Risk Management as Important as Return on InvestmentAdvice to the Advisor
You might say risk management is even more important than return, asserts Sheaff Brock Managing Director Dave Gilreath. In the long run, he believes, risk management can lead to good investment outcomes. And, while nonprofessionals invariably focus on return, expecting their advisors to “beat the market,” that expectation, he feels, is essentially flawed.
As a recent BlackRock study on market upside/downside demonstrates, “the preponderance of evidence suggests that market timing is difficult and rarely adds value.” Instead, emphasizing “low capture ratios” may offer a better chance for outperformance of the markets. The benefits of downside risk mitigation are grounded in simple math, BlackRock’s Director Mark Peterson explains; it requires bigger gains to make up for drawdowns. (As a simple, yet powerful example of this principle, Gilreath explained in an interview with our Institutional editor, if you lose 50% of your money, you must make 100% just to catch up!)

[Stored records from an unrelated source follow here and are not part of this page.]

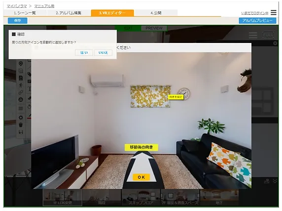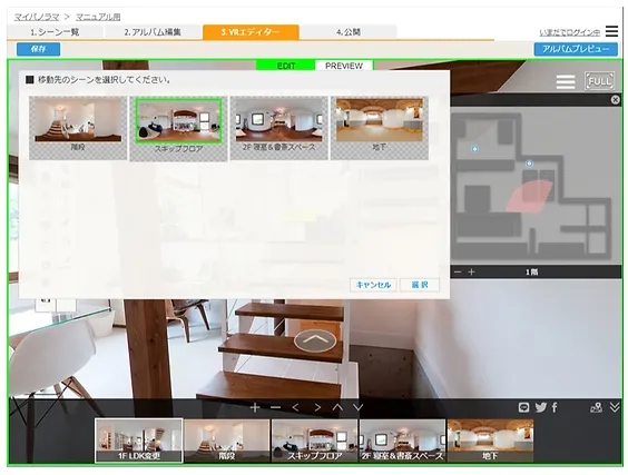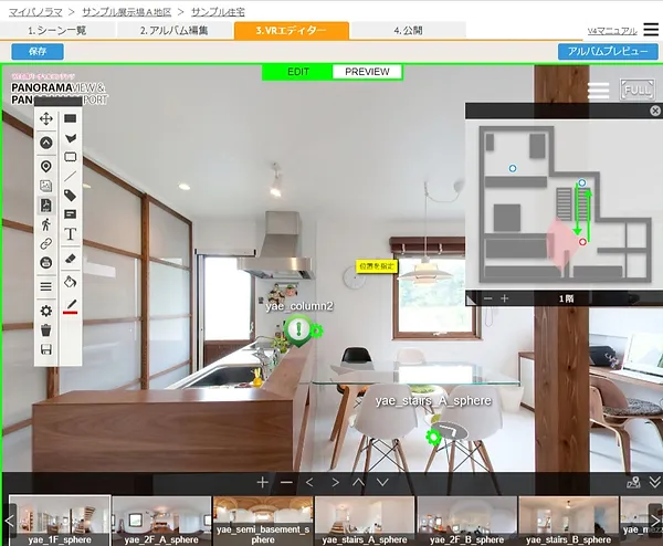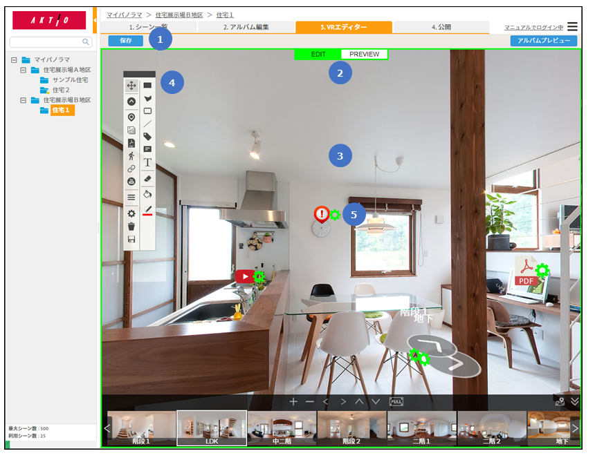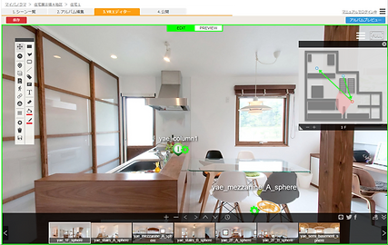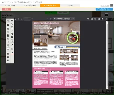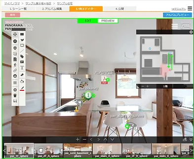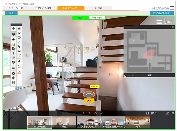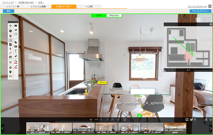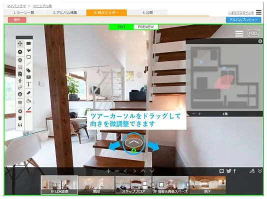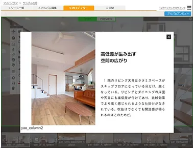 | 3. 編集画面 | バーチャルツアーの編集画面です。実際のアルバムと同じ表示設定を確認できます。 |
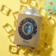 This modern can cooler design features a celestial sun moon on a simple beige background, with your name in handwritten blue text for a look that is simple, stylish and fun. Personalise with the name of your bridesmaids for a chic and trendy gift.
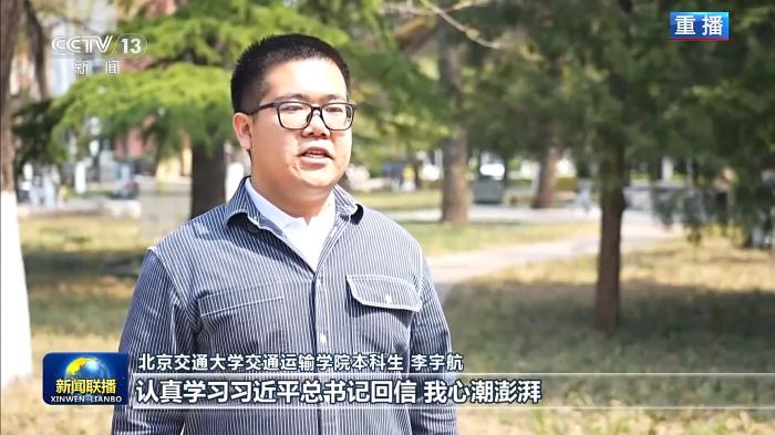 北京交通大学交通运输学院本科生 李宇航:认真学习习近平总书记回信我心潮澎湃。我们要以青春行动接续传承,赓续交大报国传统,深耕交通领域前沿研究,努力把青春汗水挥洒在祖国交通事业的第一线。
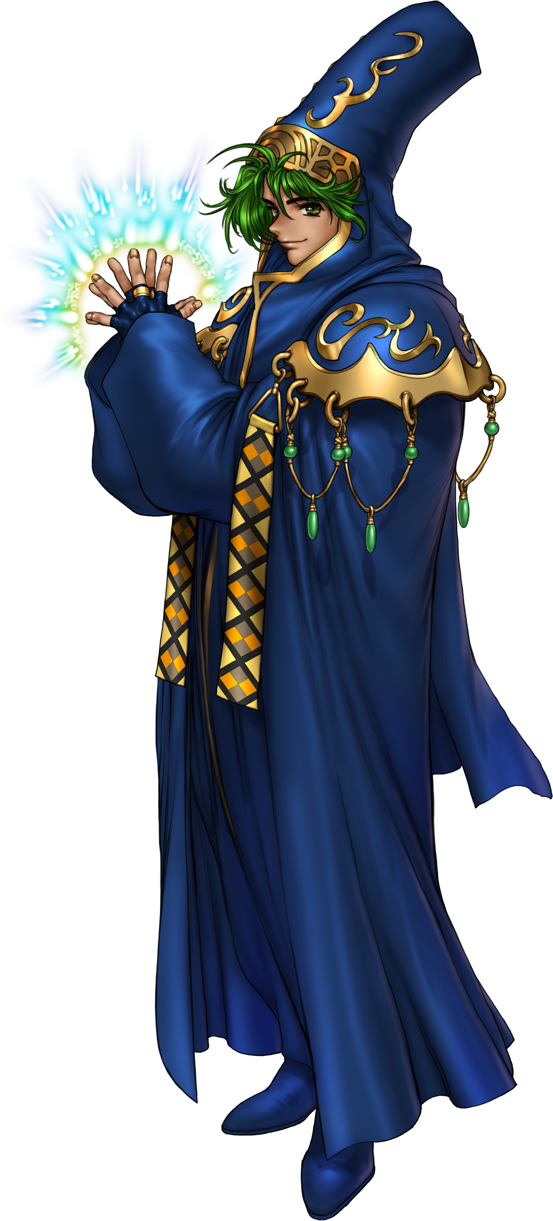 Merric is the first Mage obtained, and a generally solid unit. With enough Speed to double early enemies, he is an effective chipper, even if his Defense is somewhat on the low side. His high growths are another boon to him, with an abnormally high HP growth and Weapon Level enough to quickly use every tome, and his personal tome, Excalibur, is one of the best tomes available; Merric can reliably do 26 damage to most enemies, which will usually either kill them or reduce them to the point that others can finish them off. Its crit chance means Merric has a good chance to outright one-shot enemies.
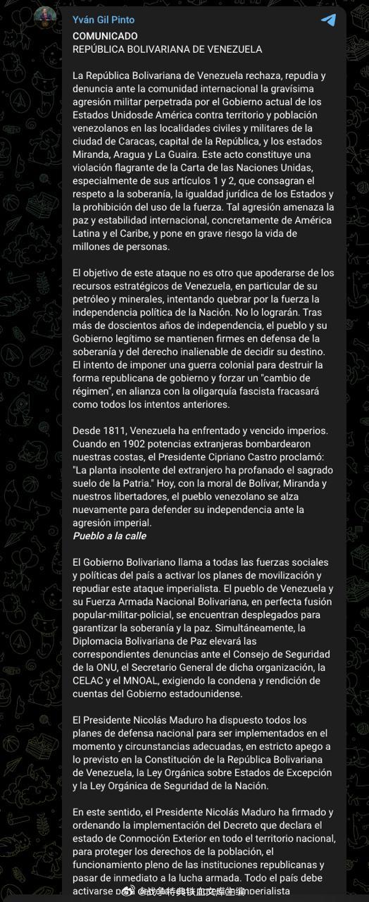 委美冲突 马杜罗签署紧急状态令,应对美国对委内瑞拉的袭击▪️委内瑞拉总统下令,鉴于美国的袭击,所有国家防御计划必须立即启动。政府表示:"我们将动用所有防御计划,坚决抵抗帝国主义的侵略。"▪️委内瑞拉外交部称,美国袭击了加拉加斯的民用和军事目标。委内瑞拉武装部队已全面部署,捍卫国家主权。▪️与此同时,美国媒体报道称,这些袭击目标是由特朗普亲自选定的。委内瑞拉首都传来数声爆炸声烽火问鼎计划
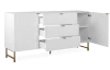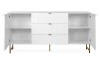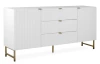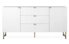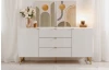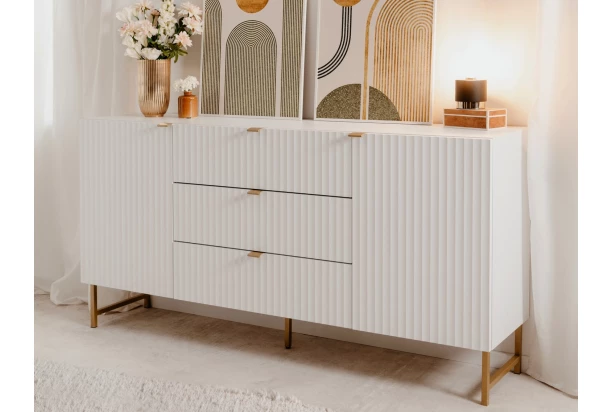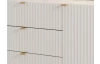 Široká komoda se zásuvkami z řady Edinburgh – stylový nábytek zaujme na pohled bílými strukturovanými povrchy, úchytky a kovovu podnoží v mosazném provedení. Tento nábytek tak vynikne a ozvláštní atmosféru v každém interieru.
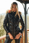 Black Vinyl Glossy Finish Fitted Faux Fur Hood Chevron Padded Puffer Jacket /1-1-1-1
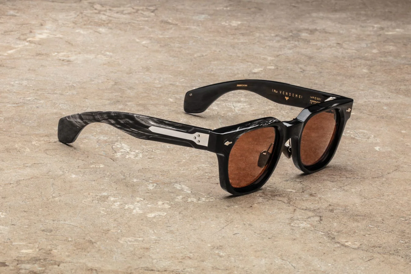 Handcrafted in Italy, the Vendome in Sequoia showcases a 10mm brown buffalo horn frame and temples, carefully shaped to reveal the material’s organic texture and richness. Signature sterling silver hairline arrowhead front pins anchor the design with unmistakable Jacques Marie Mage identity.
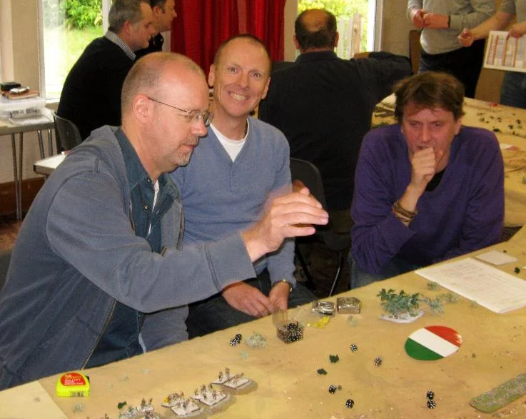 Dom and Keith were taking it really bad on the next table from Egg on our table, so Clive and Mick now moved across and started the whole co-ordination thing again, whilst I moved to occupy the former Italian position with my weak sections. With the perimeter breached, however, the game ended as the action moved on...

As of this posting, investors are still tending to be risk-averse, Gilreath notes. At some future point, however, he predicts they may become “risk-greedy.” As an advisor, of course, one can ill-afford to become risk-greedy. This is the wrong time to accept lower quality in exchange for higher yield, Gilreath explains to advisors. Instead, this could be the time to become increasingly fluent in options and REITs.
BlackRock’s Peterson thinks investors may not be “getting it.” It is his opinion that, in an environment characterized by higher volatility and rising correlations, investors should ideally be looking for other ways to minimize risk, introducing less-correlated asset classes and emphasizing less-volatile instruments and funds. Instead, he laments, we see exactly the opposite, with a rotation into riskier funds.
A capture ratio of 1 means a portfolio is moving in sync with the market at large. An upside capture ratio above 1 and a downside capture rate below 1, BlackRock explains, would represent manager skill. But, he feels, rather than chasing higher upside capture ratios, emphasizing lower downside capture may be a more worthwhile trade-off in the long run.
How low do you go? “During the last cycle, in which the S&P 500 fell 51% and then rebounded 221% (during the financial crisis and subsequent recovery), a capture ratio for large-cap stocks of between 50% and 75% would have been optimal,” the BlackRock study concludes.
As financial advisors, Gilreath cautions, it’s important to understand that your clients’ expectations, invariably focused on return and on expectations that you’re there to help them “beat the market,” are essentially flawed. In the long term, Gilreath suggests, risk management—for both your clients and for the health of your practice—is going to prove as important as return on investment!